(Problem requirements) What is needed is the full listing written out exactly, minus the pictures.

(Available data)
--

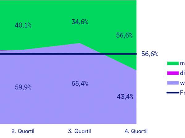 Bei der Betrachtung unserer Statistik ist es wichtig zu berücksichtigen, dass nach wie vor überwiegend Frauen in der GLS Bank in Teilzeit arbeiten. Hier laden wir unsere Mitarbeiter*innen ein, die Betreuung der Familie fair und bedarfsorientiert zu organisieren. Unsere flexiblen Arbeitszeitmodelle bieten allen Mitarbeitenden die Möglichkeit, ihre Familienbetreuung angemessen umzusetzen. Trotzdem ist es ein erfreulicher Erfolg, die Frauenquote in der GLS Bank, insbesondere auf den Führungsebenen, erhöht zu haben.
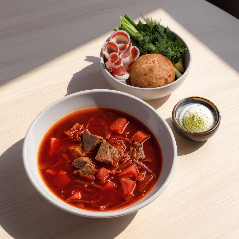 Цельнозерновая булочка, сало, зелень, чеснок, сметана
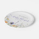 This design features a colourful border of watercolor wildflowers in shades of purple, gold, green, and blue.

--

(Result for this task)
 Bei der Betrachtung unserer Statistik ist es wichtig zu berücksichtigen, dass nach wie vor überwiegend Frauen in der GLS Bank in Teilzeit arbeiten. Hier laden wir unsere Mitarbeiter*innen ein, die Betreuung der Familie fair und bedarfsorientiert zu organisieren. Unsere flexiblen Arbeitszeitmodelle bieten allen Mitarbeitenden die Möglichkeit, ihre Familienbetreuung angemessen umzusetzen. Trotzdem ist es ein erfreulicher Erfolg, die Frauenquote in der GLS Bank, insbesondere auf den Führungsebenen, erhöht zu haben.
 Цельнозерновая булочка, сало, зелень, чеснок, сметана
 This design features a colourful border of watercolor wildflowers in shades of purple, gold, green, and blue.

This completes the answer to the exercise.